■ **Your objective**: Print nothing beyond the line with "This image shows": every line from the beginning of the data up to it, that line included, and no pictures.

■ **Given data**:
* * *
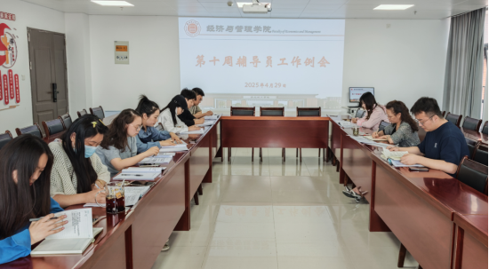 2025年4月29日,太阳成tyc7111cc在行政楼725会议室召开本学期第十周员工管理工作例会暨就业质量专题会议。公司书记助理员禹辛、团总支书记王绎程及全体辅导员参会,会议由经理吴玲主持。
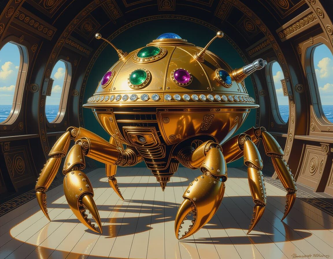This image shows a biomechanical, crab-legged robot striding across the bridge of a spacecraft. The robot has pincers and is covered in gems, rendered as a hyperrealistic oil painting.
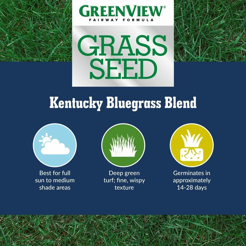 GreenView Fairway Formula Kentucky Bluegrass Blend combines only top-rated, cool season seed varieties. This blend will produce a beautiful dark green turf with the fine, wispy texture known to Kentucky bluegrass. The lawn density created by this mix is consistently excellent as it self-repairs in any areas that become worn from family foot traffic.
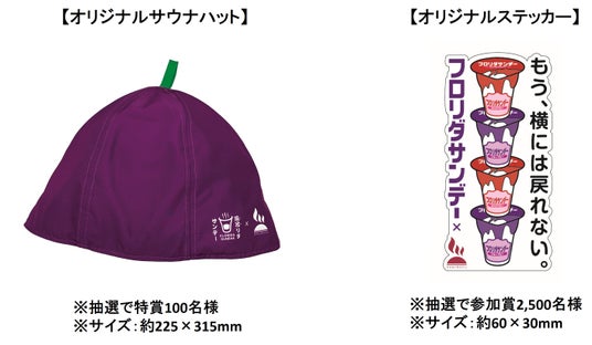 コラボ期間中は暖簾や内装がフロリダサンデー仕様になるほか、オリジナルサウナハット、オリジナルステッカーを抽選でプレゼントする企画も実施します。
* * *
■ **Result**:
 2025年4月29日,太阳成tyc7111cc在行政楼725会议室召开本学期第十周员工管理工作例会暨就业质量专题会议。公司书记助理员禹辛、团总支书记王绎程及全体辅导员参会,会议由经理吴玲主持。
This image shows a biomechanical, crab-legged robot striding across the bridge of a spacecraft. The robot has pincers and is covered in gems, rendered as a hyperrealistic oil painting.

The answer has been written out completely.